--- START ---
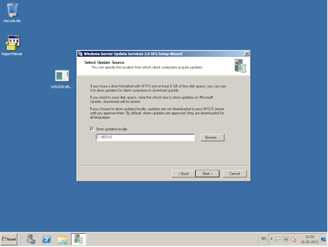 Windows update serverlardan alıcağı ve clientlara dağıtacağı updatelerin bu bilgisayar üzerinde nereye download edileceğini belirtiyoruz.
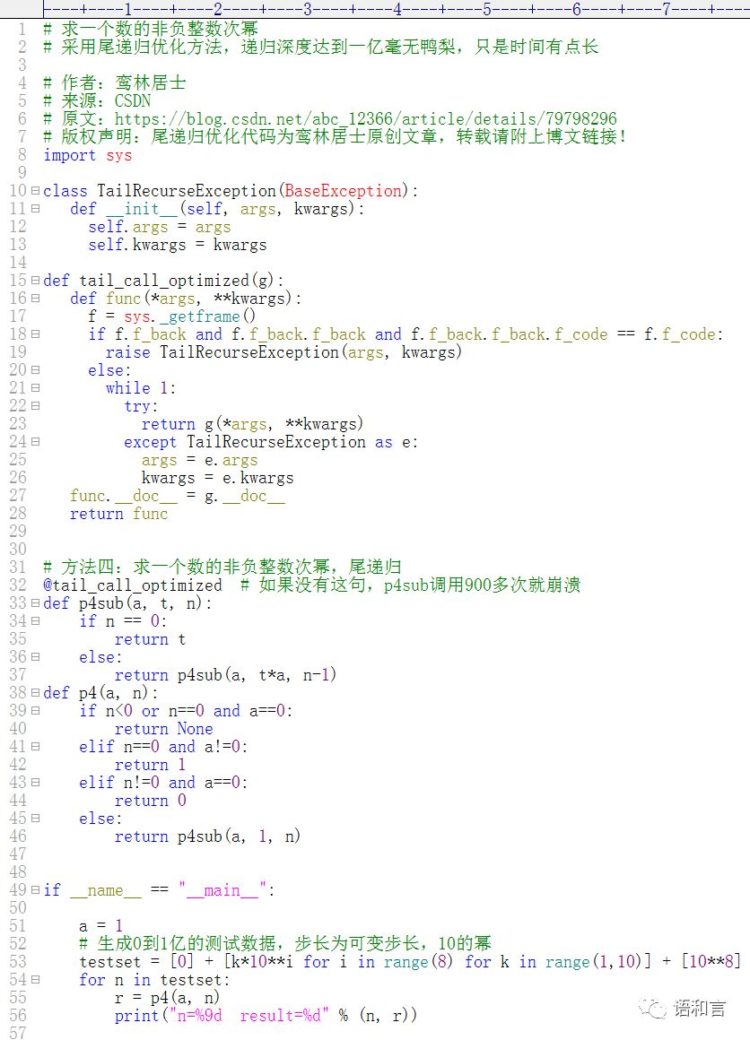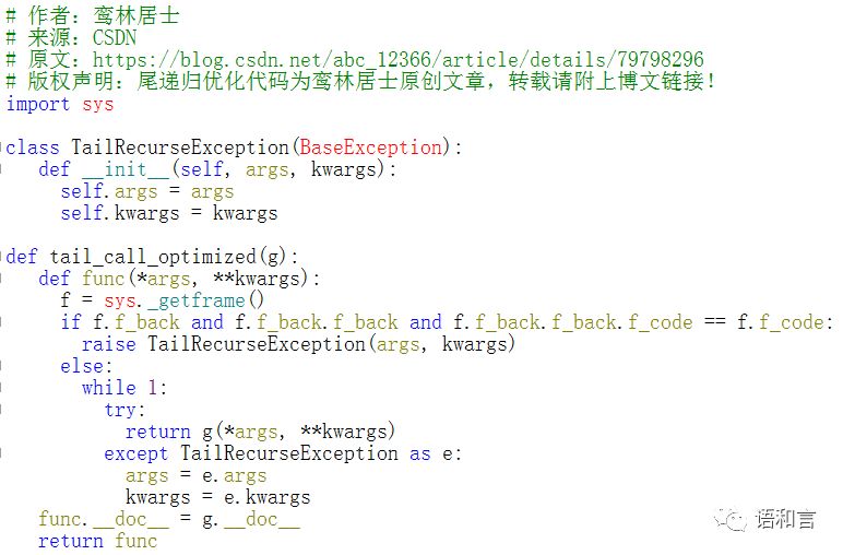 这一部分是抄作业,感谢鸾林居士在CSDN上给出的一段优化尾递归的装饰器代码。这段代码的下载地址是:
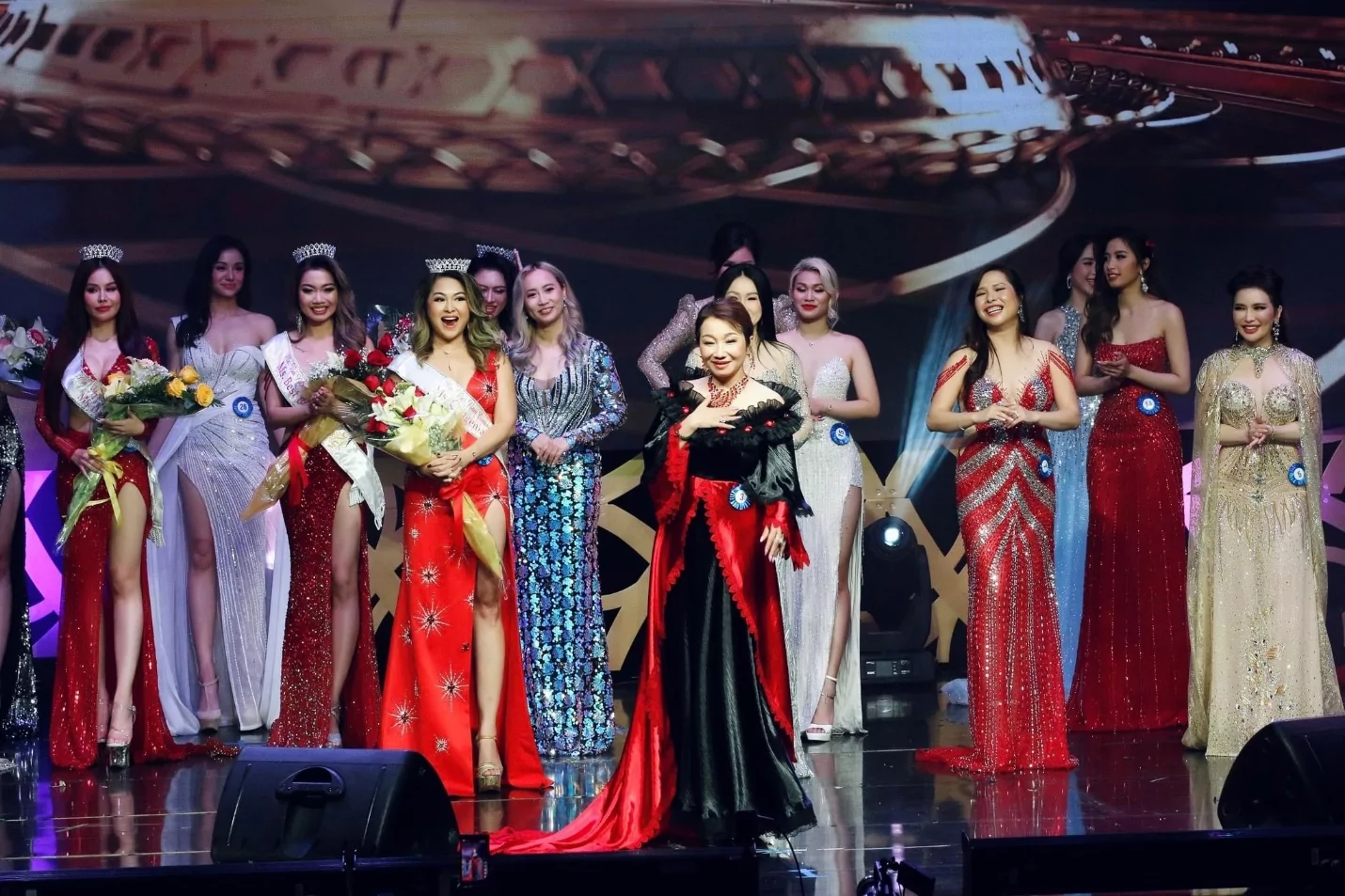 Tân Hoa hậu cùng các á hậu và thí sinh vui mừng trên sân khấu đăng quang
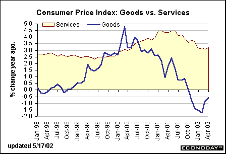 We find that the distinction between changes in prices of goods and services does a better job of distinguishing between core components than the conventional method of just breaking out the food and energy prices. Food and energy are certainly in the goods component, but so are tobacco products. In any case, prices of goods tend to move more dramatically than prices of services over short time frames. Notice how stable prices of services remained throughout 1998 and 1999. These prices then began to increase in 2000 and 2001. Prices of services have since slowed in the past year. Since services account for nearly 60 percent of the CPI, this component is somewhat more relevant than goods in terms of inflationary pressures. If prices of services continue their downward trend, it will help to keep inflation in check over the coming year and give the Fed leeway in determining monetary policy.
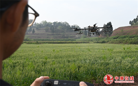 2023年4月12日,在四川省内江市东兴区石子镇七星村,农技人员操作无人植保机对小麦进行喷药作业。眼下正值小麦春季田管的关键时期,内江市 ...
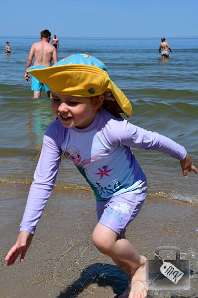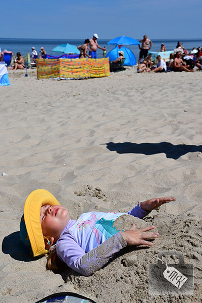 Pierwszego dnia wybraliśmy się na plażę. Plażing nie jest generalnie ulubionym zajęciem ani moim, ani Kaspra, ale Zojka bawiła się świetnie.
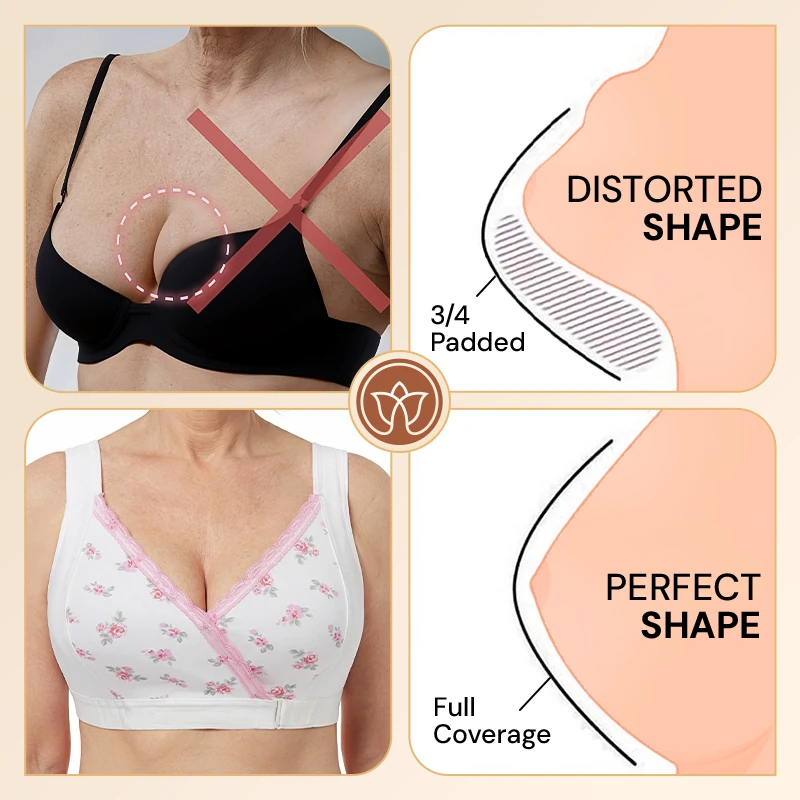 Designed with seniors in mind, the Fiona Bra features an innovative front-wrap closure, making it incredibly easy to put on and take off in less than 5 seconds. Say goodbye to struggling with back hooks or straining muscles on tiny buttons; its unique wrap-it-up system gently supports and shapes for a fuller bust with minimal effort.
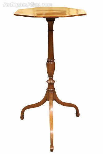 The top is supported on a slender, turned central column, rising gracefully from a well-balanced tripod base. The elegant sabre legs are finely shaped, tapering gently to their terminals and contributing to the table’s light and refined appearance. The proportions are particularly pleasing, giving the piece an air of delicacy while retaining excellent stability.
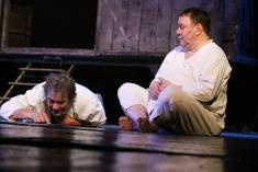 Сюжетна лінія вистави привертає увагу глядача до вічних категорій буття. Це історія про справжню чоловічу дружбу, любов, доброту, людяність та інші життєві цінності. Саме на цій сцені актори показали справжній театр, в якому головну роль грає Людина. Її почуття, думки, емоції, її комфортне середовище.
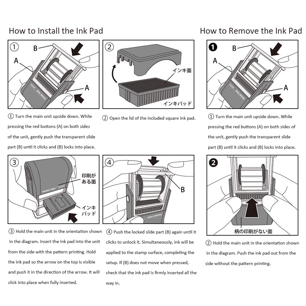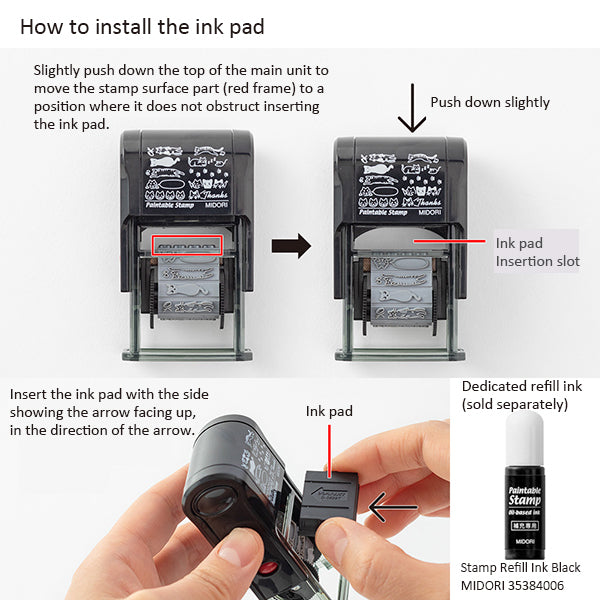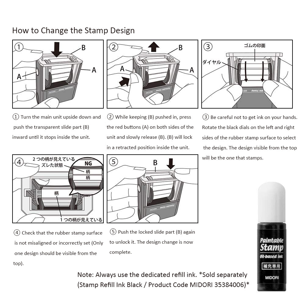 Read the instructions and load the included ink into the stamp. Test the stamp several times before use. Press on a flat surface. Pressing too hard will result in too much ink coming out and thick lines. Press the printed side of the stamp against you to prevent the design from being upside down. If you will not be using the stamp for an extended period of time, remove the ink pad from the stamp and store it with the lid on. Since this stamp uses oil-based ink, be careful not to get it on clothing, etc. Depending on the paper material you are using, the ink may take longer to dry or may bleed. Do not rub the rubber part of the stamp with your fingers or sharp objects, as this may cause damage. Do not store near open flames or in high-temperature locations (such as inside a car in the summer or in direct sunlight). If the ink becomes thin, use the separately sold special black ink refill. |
--- END ---
◆ **Work to complete**
The answer is the lines above, word for word, from the first one through the one containing "Tân Hoa hậu"; it includes no pictures.

◆ **Exercise solution**
 Windows update serverlardan alıcağı ve clientlara dağıtacağı updatelerin bu bilgisayar üzerinde nereye download edileceğini belirtiyoruz.
 这一部分是抄作业,感谢鸾林居士在CSDN上给出的一段优化尾递归的装饰器代码。这段代码的下载地址是:
 Tân Hoa hậu cùng các á hậu và thí sinh vui mừng trên sân khấu đăng quang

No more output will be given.